Earnings Troubles May Signal Larger Issues for Brisanet Serviços de Telecomunicações (BVMF:BRST3) Shareholders

Simply Wall St

A lackluster earnings announcement from Brisanet Serviços de Telecomunicações S.A. (BVMF:BRST3) last week didn't sink the stock price. Our analysis suggests that along with soft profit numbers, investors should be aware of some other underlying weaknesses in the numbers.

BOVESPA:BRST3 Earnings and Revenue History May 22nd 2025

A Closer Look At Brisanet Serviços de Telecomunicações' Earnings

In high finance, the key ratio used to measure how well a company converts reported profits into free cash flow (FCF) is the accrual ratio (from cashflow). To get the accrual ratio we first subtract FCF from profit for a period, and then divide that number by the average operating assets for the period. You could think of the accrual ratio from cashflow as the 'non-FCF profit ratio'.

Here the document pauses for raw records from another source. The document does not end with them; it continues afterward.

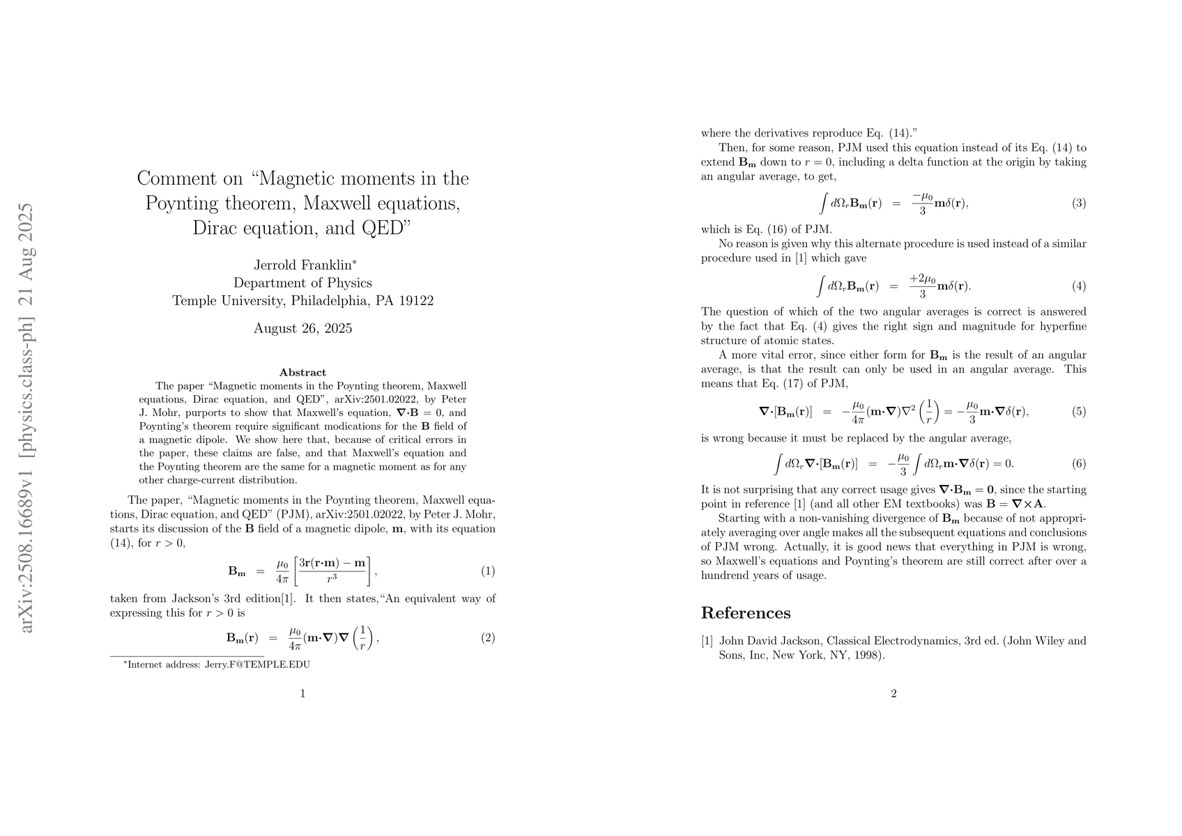 The paper ``Magnetic moments in the Poynting theorem, Maxwell equations, Dirac equation, and QED", arXiv:2501.02022, by Peter J. Mohr, purports to show that Maxwell's equation, $\mathbf{\nabla}\cdot{\bf B}=0$, and Poynting's theorem require significant modications for the $\bf B$ field of a magnetic dipole. We show here that, because of critical errors in the paper, these claims are false, and that Maxwell's equation and the Poynting theorem are the same for a magnetic moment as for any other charge-current distribution.
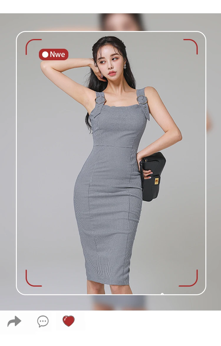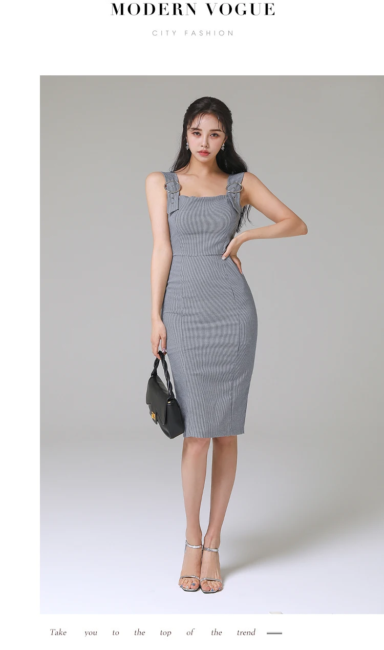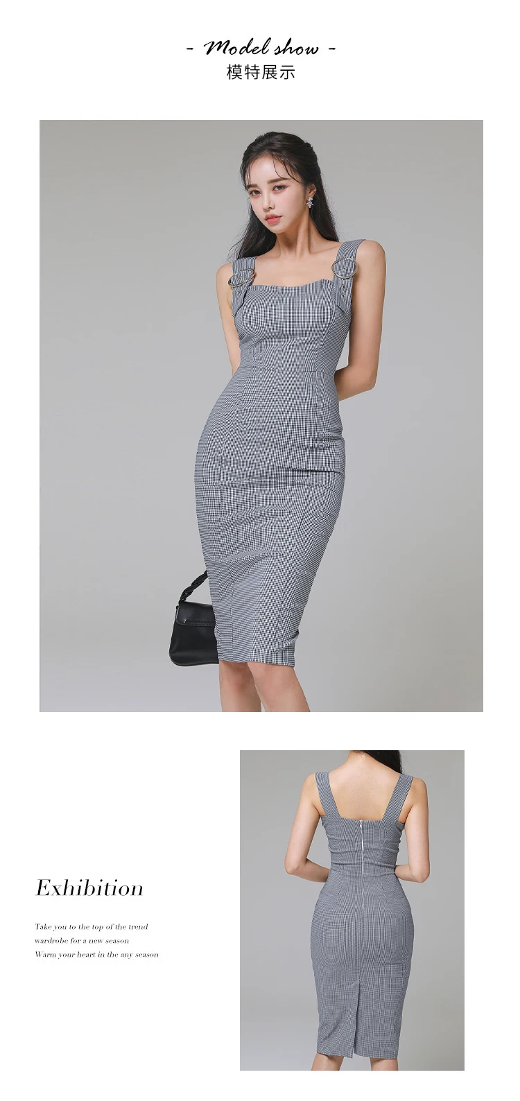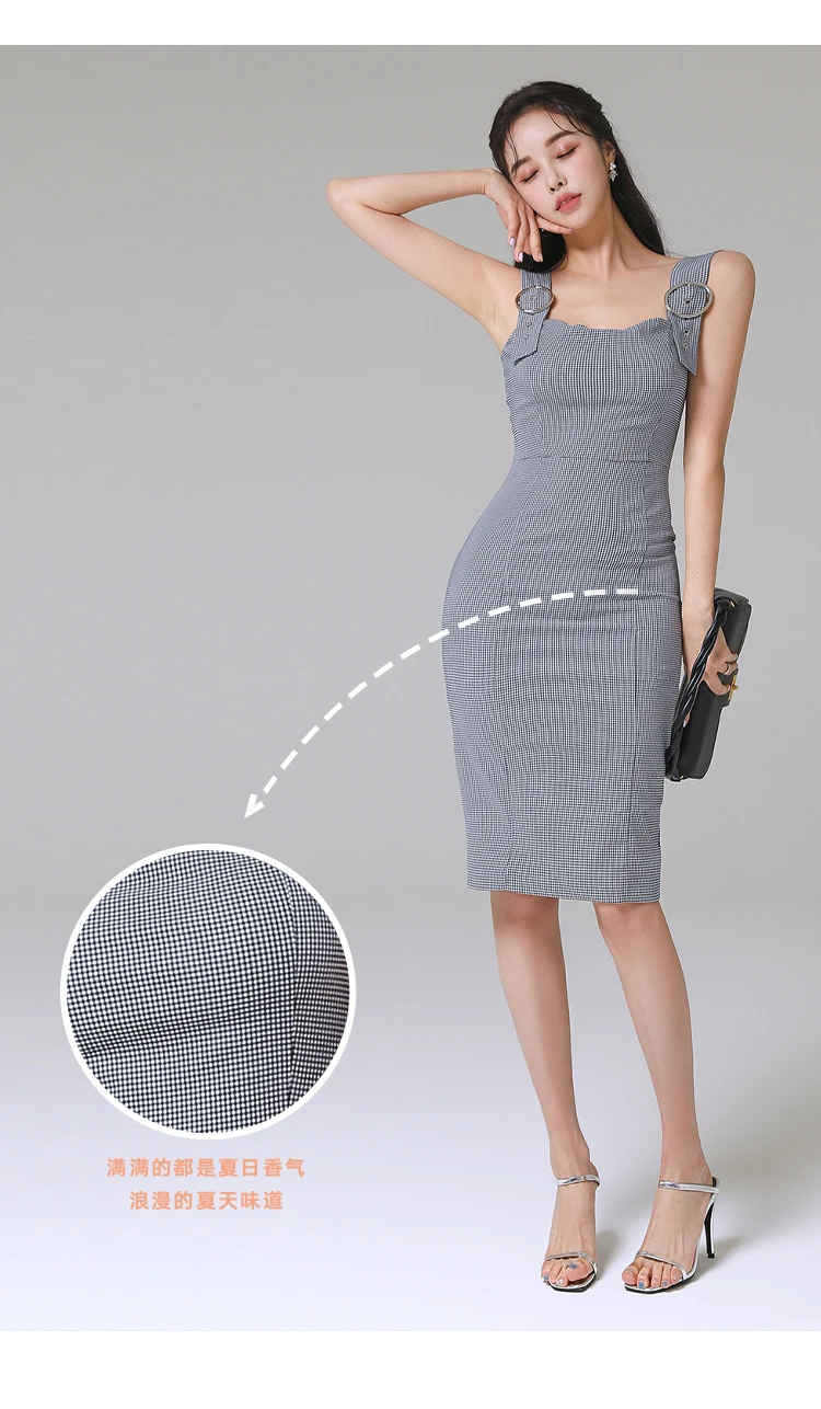Fleepmart Summer Vintage Plaid Sleeveless Back Slit Straps Bodycon Dress Formal Party Work
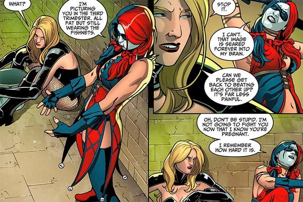 ¿Sabías que tiene un hijo? En la serie de cómics Injustice: Gods Among Us, Harley Quinn está luchando contra Canario Negro cuando nota que su contrincante siente las náuseas típicas de los primeros meses de embarazo y se sientan a descansar. En ese momento admite que tiene una hija, Lucy, la cual tiene cuatro años y vive con la hermana de Harley. También reconoce que el Joker no sabe de la existencia de la pequeña y es que su trabajo es tan importante que no notó que se había ido durante un año.
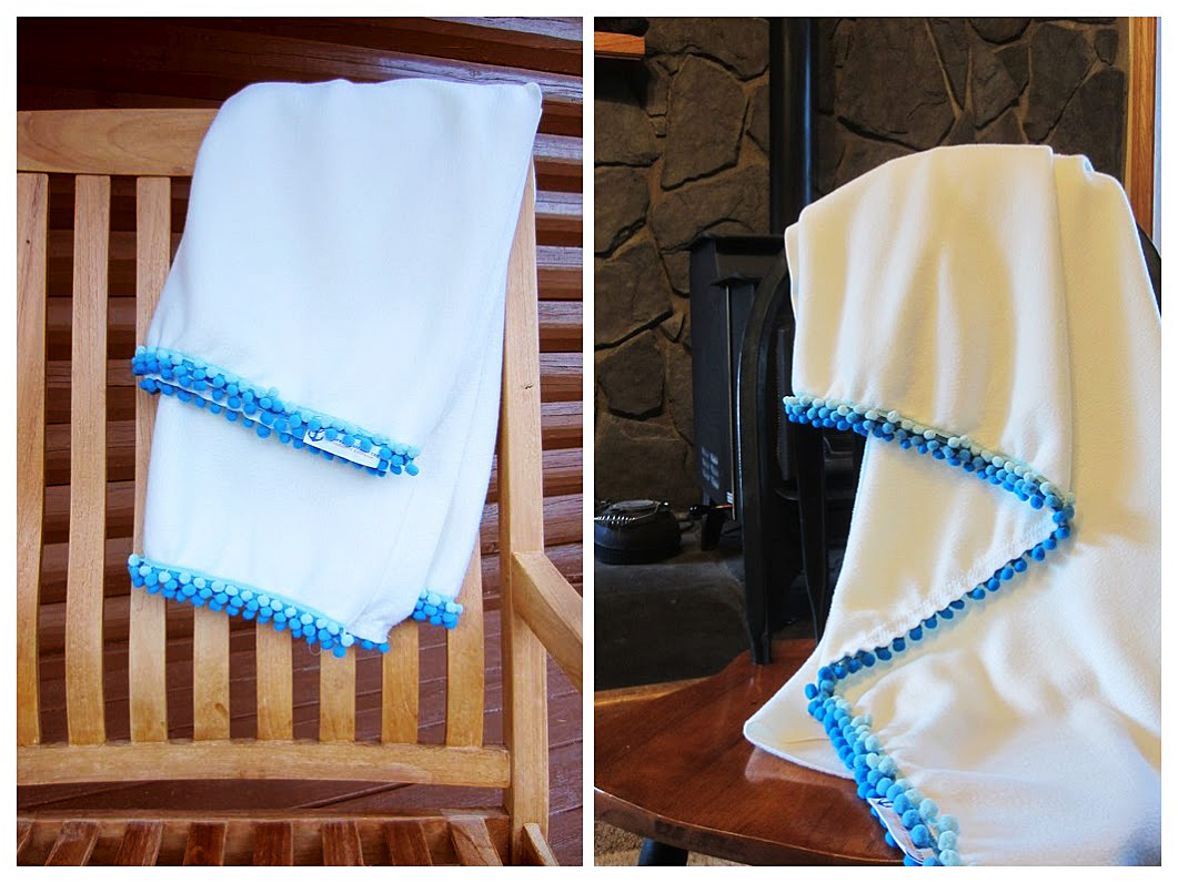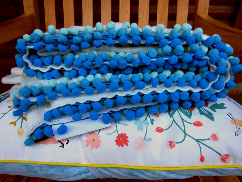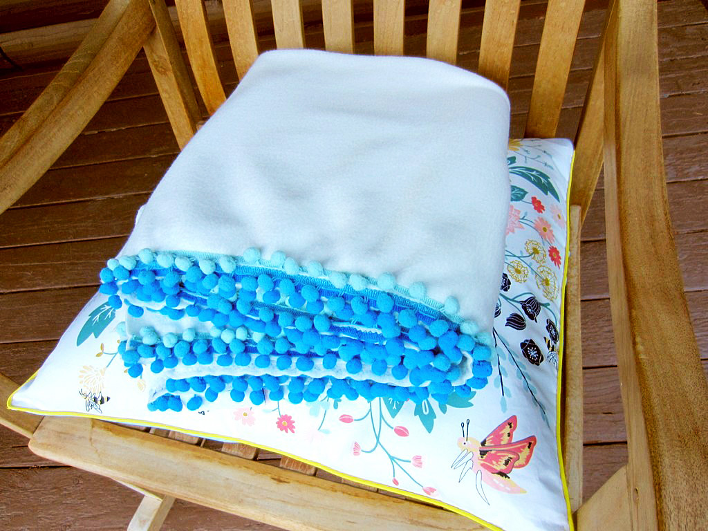 I used some trims I had on hand, a velvet green ribbon, a red fleece ribbon and some white satin binding to close everything up.
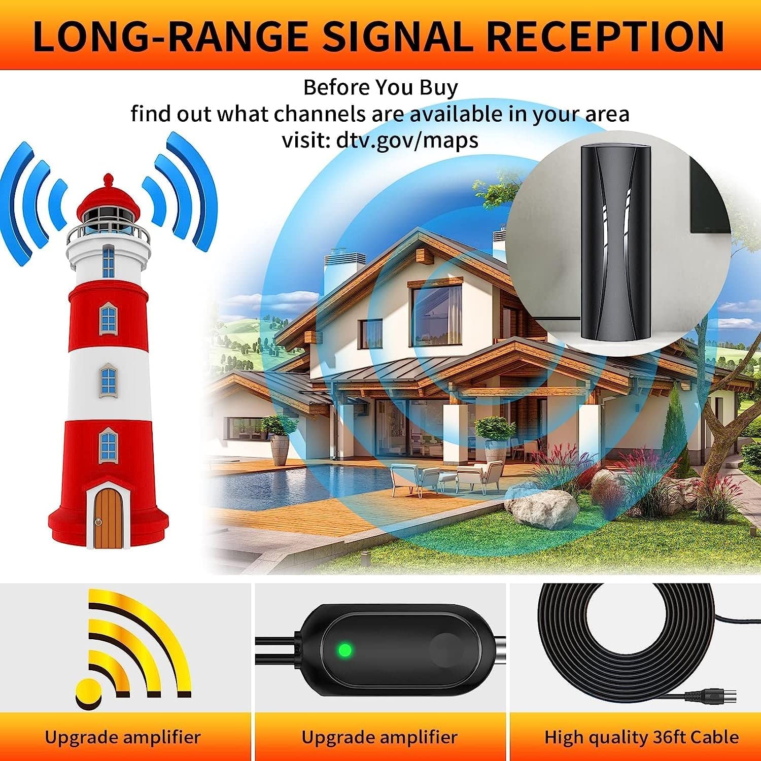 TV Antenna for 560+ Miles Range, HOTTV Upgraded Digital Antenna for TV Indoor Outdoor, TV Antenna for Smart TV & Older TV with Signal Booster, Support 8K 4K 1080P Fire tv Stick - 36TF Cable
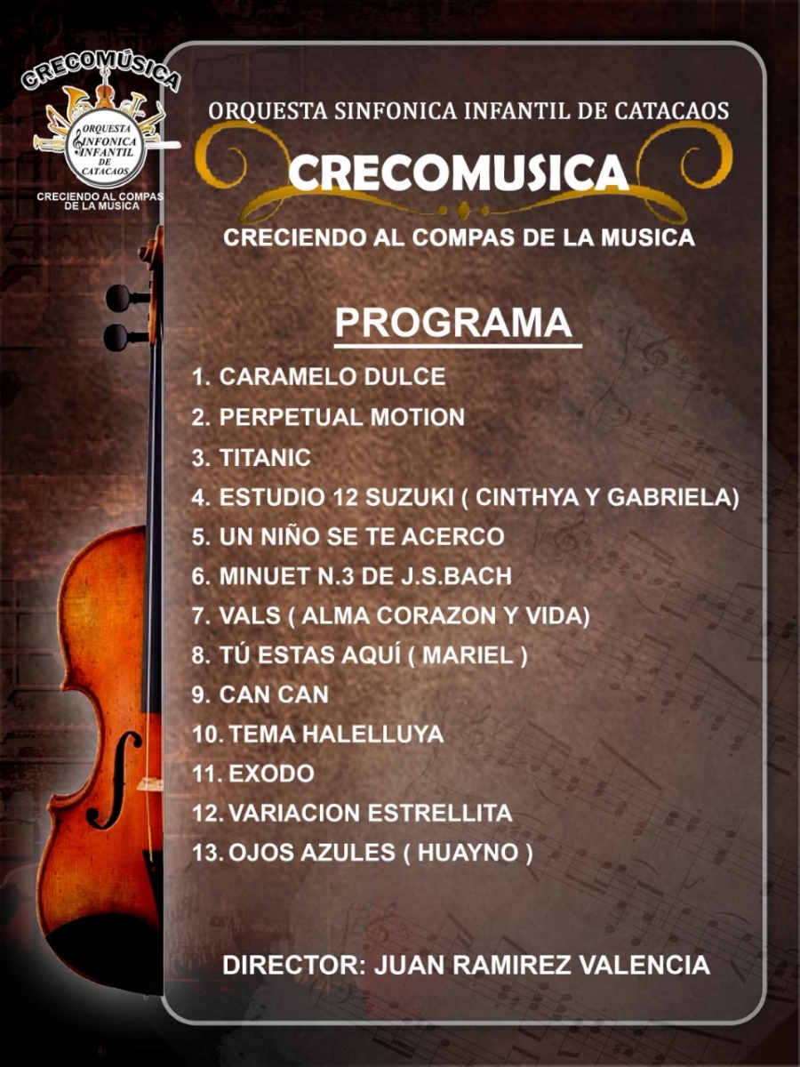 La Orquesta Sinfónica Infantil de Catacaos “Creciendo al Compás de la Música” se presentará este sábado 13 de abril, a las 10 a.m., en la iglesia San Juan Bautista de Catacaos, en la víspera del inicio de la Semana Santa. Ingreso libre.

Therefore, it's actually considered a good thing when a company has a negative accrual ratio, but a bad thing if its accrual ratio is positive. While it's not a problem to have a positive accrual ratio, indicating a certain level of non-cash profits, a high accrual ratio is arguably a bad thing, because it indicates paper profits are not matched by cash flow. To quote a 2014 paper by Lewellen and Resutek, "firms with higher accruals tend to be less profitable in the future".

Brisanet Serviços de Telecomunicações has an accrual ratio of 0.23 for the year to March 2025. Unfortunately, that means its free cash flow fell significantly short of its reported profits. Even though it reported a profit of R$60.3m, a look at free cash flow indicates it actually burnt through R$523m in the last year. We saw that FCF was R$37m a year ago though, so Brisanet Serviços de Telecomunicações has at least been able to generate positive FCF in the past.

That might leave you wondering what analysts are forecasting in terms of future profitability. Luckily, you can click here to see an interactive graph depicting future profitability, based on their estimates.

Our Take On Brisanet Serviços de Telecomunicações' Profit Performance

Brisanet Serviços de Telecomunicações didn't convert much of its profit to free cash flow in the last year, which some investors may consider rather suboptimal. Therefore, it seems possible to us that Brisanet Serviços de Telecomunicações' true underlying earnings power is actually less than its statutory profit. But on the bright side, its earnings per share have grown at an extremely impressive rate over the last three years. At the end of the day, it's essential to consider more than just the factors above, if you want to understand the company properly. In light of this, if you'd like to do more analysis on the company, it's vital to be informed of the risks involved. For example, Brisanet Serviços de Telecomunicações has 3 warning signs (and 2 which can't be ignored) we think you should know about.

This note has only looked at a single factor that sheds light on the nature of Brisanet Serviços de Telecomunicações' profit. But there is always more to discover if you are capable of focussing your mind on minutiae. For example, many people consider a high return on equity as an indication of favorable business economics, while others like to 'follow the money' and search out stocks that insiders are buying. While it might take a little research on your behalf, you may find this free collection of companies boasting high return on equity, or this list of stocks with significant insider holdings to be useful.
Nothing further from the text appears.